Filed under: Uncategorized — mssmartepants @ 5:15 am

Four years ago this month I started chemotherapy for breast cancer. I thought that once I finished chemo, if I survived it and that cancer didn’t return, everything would be easier. Because right after I finished treatment and went back to work I was on an “I survived” high and nothing got me down. But just like any other high I did eventually come down, and life started to be hard again, and people were mean, and things weren’t fair, and I ended up where I am now. Which in some ways isn’t so bad, but still I get depressed and discouraged and feel like the future is dismal.

 While I’m spending my days in job search I worry about my loss of healthcare on August 14. Right now universal healthcare is a major topic because President Obama ran on that platform way before the economy took over as the number one crisis in the world.
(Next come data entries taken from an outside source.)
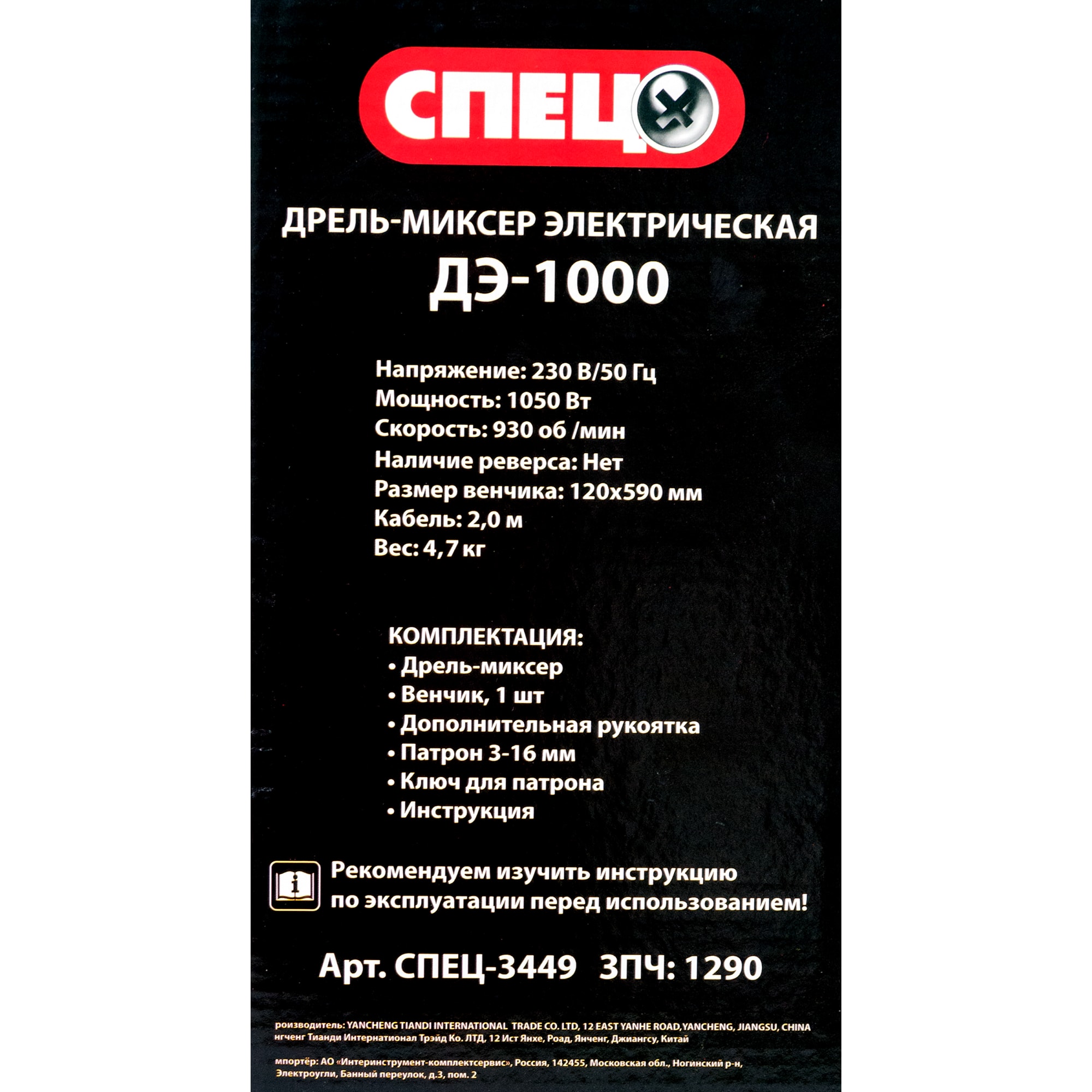 Дрель-миксер СПЕЦ ДЭ-1000 с дополнительными рукоятками 88309474 STLM-0077527
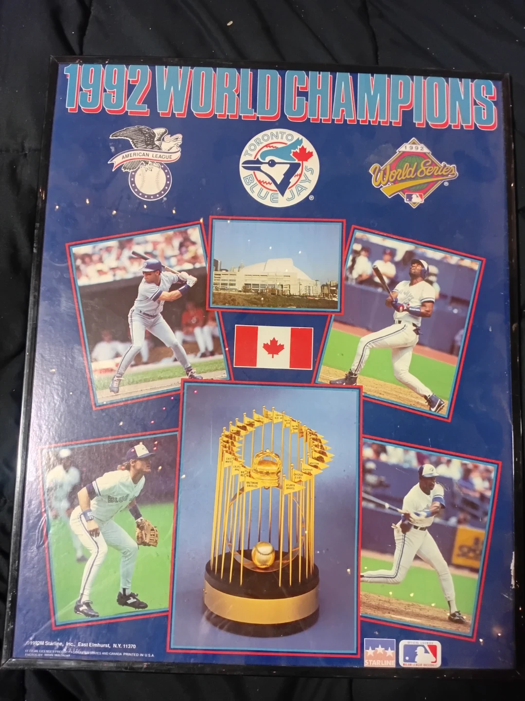 Selling a framed poster commemorating the Toronto Blue Jays' 1992 World Series victory! It features images of key players and the World Series trophy. A great piece of memorabilia for any Blue Jays fan!
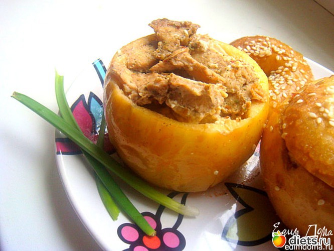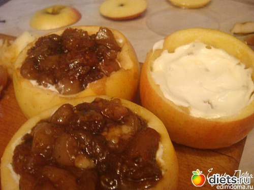 Теперь начиняем яблоки следующим образом - половину куицы распределяем по трем яблочкам, сверху по 1 ст.л. мякоти яблок, обмазать сверху сметаной и выложить в яблочки вторую часть курочки.

There seems to be a divide in America right now between those gainfully employed with healthcare taking advantage of all the slashed retail prices, and the rest of us, the unemployed, no health insurance, worrying about the rising costs of gas and food.  It surprises me that so many people still think that maintaining the status quo won’t ever affect them. Before I lost my job I was acutely aware of the inequities in the current system. Having cancer for a well employed person with decent coverage was still very expensive. I’m now using unemployment insurance money to continue to pay those bills.

 My own very conservative parents, knowing that I won’t be able to buy coverage, do not support universal healthcare. My father, a retired Air Force officer called it socialism for the government to offer healthcare, to which I pointed out that is exactly what he’s had courtesy of the U.S. government his entire adult life. We haven’t discussed it since. But it’s shocking to me the number of people who want President Obama to be a failure. They don’t realize how lucky they are to be comfortable enough to think that way.